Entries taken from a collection
● ● ● ●

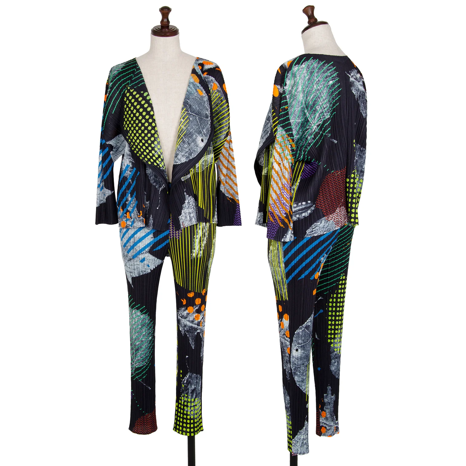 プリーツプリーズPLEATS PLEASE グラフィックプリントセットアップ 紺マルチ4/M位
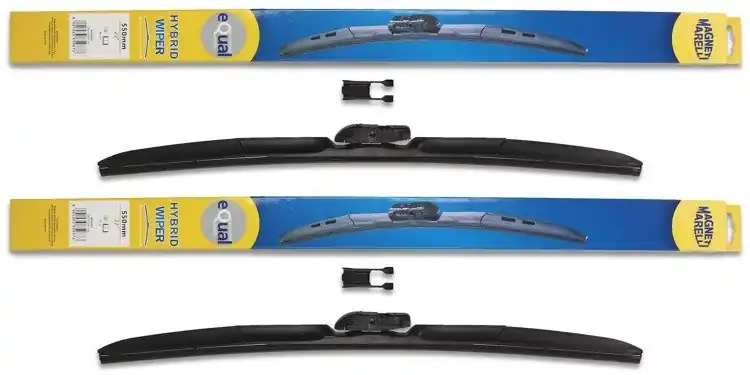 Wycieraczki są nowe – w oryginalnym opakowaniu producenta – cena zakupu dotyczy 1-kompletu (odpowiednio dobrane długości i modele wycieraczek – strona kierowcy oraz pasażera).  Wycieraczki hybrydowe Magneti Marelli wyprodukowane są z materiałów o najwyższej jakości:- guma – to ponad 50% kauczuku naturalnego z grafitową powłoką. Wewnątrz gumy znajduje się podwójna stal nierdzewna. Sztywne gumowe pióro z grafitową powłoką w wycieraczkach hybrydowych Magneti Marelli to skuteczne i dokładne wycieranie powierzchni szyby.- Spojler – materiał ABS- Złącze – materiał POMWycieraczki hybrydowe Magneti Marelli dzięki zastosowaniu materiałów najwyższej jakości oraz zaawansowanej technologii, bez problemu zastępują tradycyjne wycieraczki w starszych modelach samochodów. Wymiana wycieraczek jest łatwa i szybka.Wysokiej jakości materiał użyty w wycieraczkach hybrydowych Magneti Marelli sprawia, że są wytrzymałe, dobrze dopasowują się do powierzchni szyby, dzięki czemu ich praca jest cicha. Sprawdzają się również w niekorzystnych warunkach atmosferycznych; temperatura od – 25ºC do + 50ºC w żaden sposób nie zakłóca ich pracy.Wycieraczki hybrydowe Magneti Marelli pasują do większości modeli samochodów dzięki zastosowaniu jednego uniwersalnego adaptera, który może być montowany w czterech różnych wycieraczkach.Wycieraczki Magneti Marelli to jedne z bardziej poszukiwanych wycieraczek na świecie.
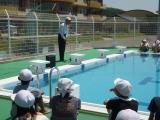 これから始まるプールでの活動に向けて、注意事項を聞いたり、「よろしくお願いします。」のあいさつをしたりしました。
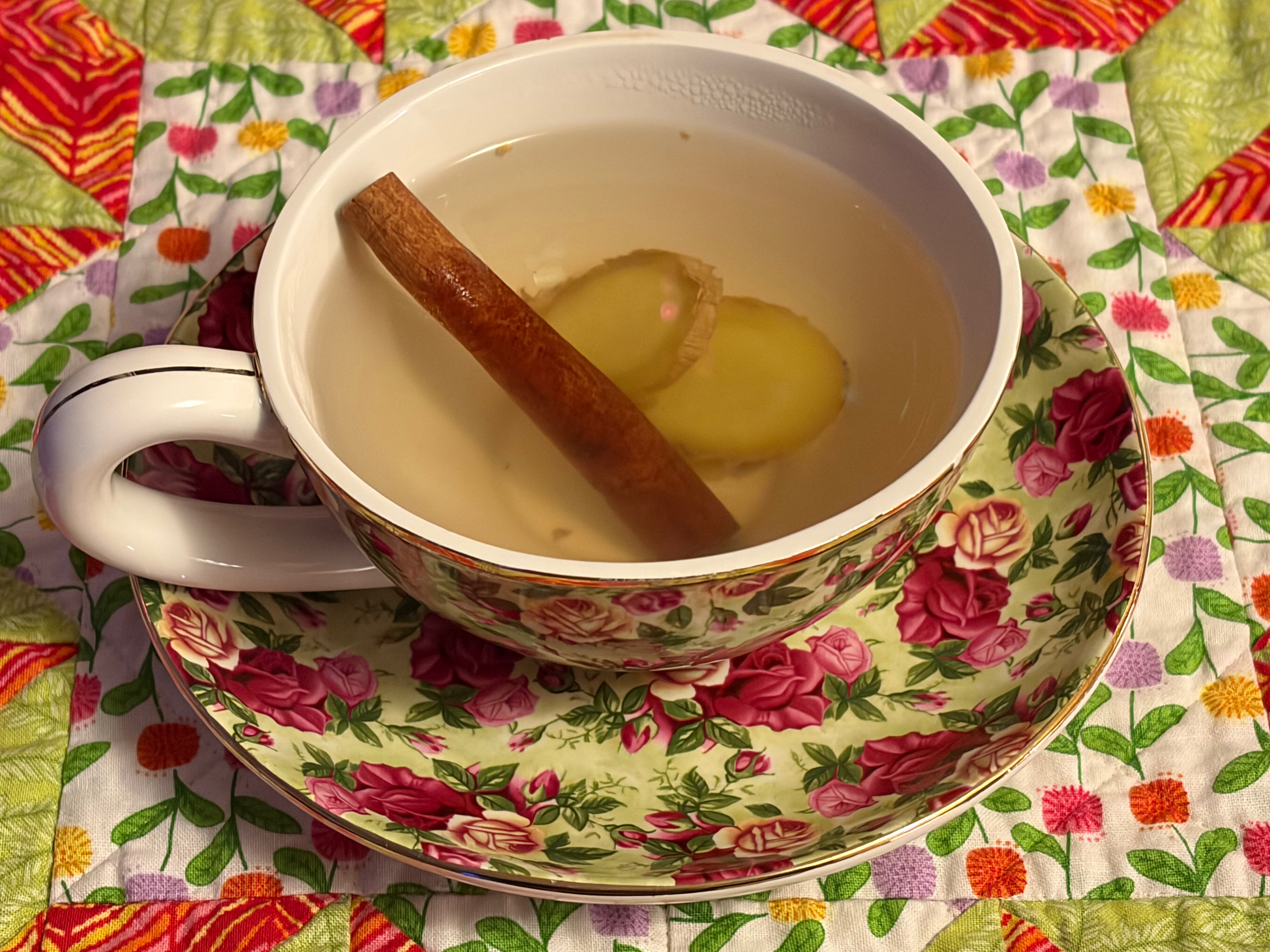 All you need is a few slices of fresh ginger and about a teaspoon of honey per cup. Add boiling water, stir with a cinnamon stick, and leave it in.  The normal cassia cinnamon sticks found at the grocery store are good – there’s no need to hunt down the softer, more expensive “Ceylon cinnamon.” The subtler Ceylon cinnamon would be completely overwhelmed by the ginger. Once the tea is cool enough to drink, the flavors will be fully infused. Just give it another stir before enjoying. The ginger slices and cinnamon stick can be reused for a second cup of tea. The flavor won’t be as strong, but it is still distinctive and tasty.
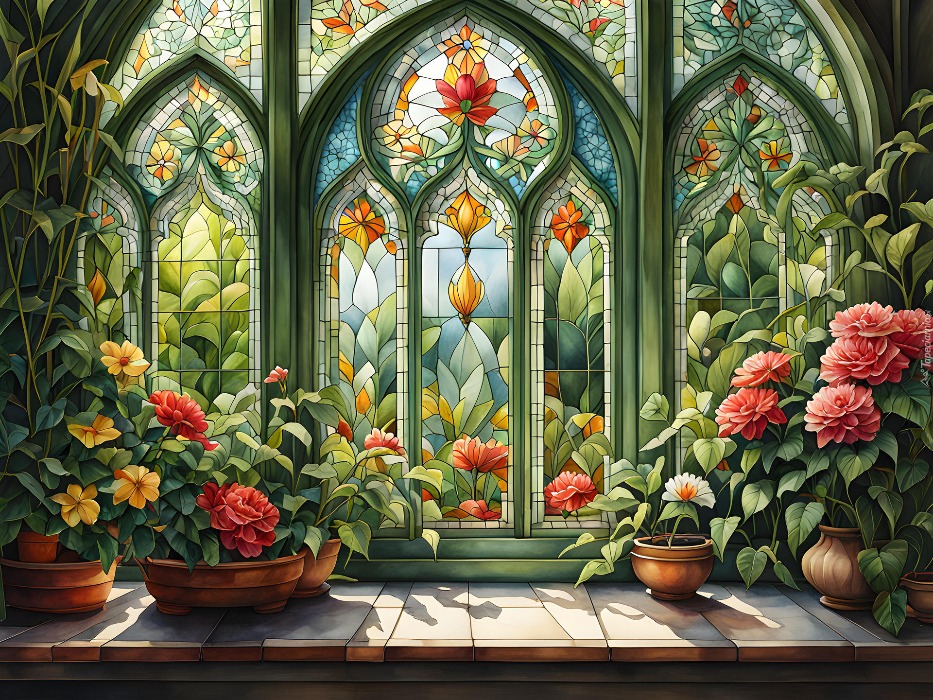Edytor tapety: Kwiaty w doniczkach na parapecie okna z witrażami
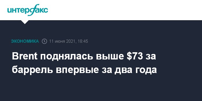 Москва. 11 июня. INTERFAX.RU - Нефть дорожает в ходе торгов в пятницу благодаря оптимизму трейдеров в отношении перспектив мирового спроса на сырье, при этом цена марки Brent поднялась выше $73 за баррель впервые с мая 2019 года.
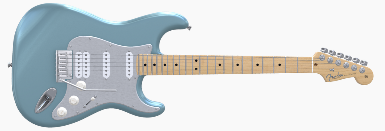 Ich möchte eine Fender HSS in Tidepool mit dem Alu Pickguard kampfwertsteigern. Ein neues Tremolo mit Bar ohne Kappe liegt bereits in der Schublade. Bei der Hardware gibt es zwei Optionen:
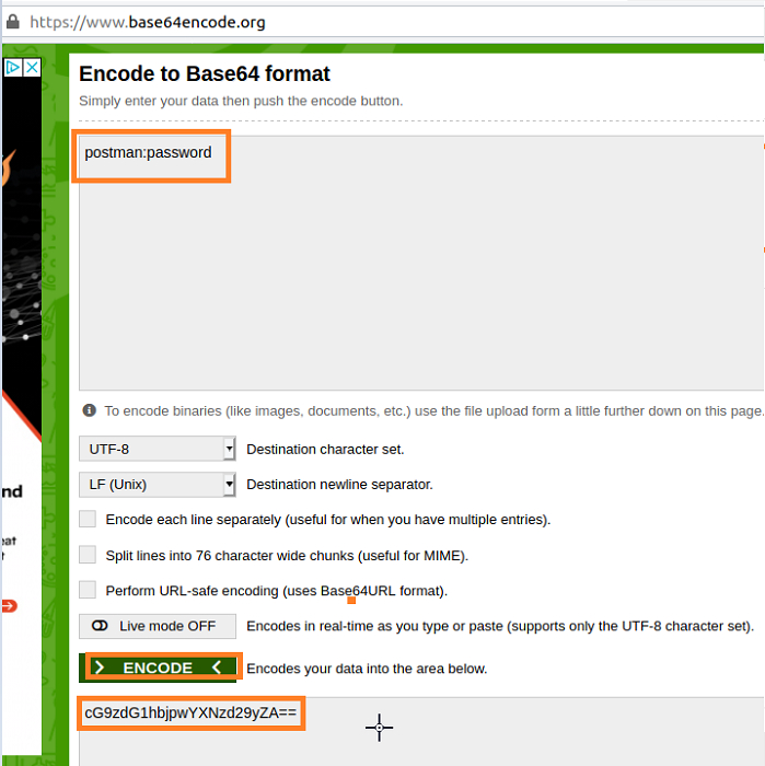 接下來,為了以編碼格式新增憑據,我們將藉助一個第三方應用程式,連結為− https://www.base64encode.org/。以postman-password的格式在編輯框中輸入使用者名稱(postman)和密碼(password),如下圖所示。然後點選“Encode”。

● ● ● ●

• [EXERCISE]: Keep the pictures out of your answer, which should be the lines from the one with "Ich möchte eine" through the final line of the data, copied exactly.

• [EXERCISE RESULT]:
 Ich möchte eine Fender HSS in Tidepool mit dem Alu Pickguard kampfwertsteigern. Ein neues Tremolo mit Bar ohne Kappe liegt bereits in der Schublade. Bei der Hardware gibt es zwei Optionen:
 接下來,為了以編碼格式新增憑據,我們將藉助一個第三方應用程式,連結為− https://www.base64encode.org/。以postman-password的格式在編輯框中輸入使用者名稱(postman)和密碼(password),如下圖所示。然後點選“Encode”。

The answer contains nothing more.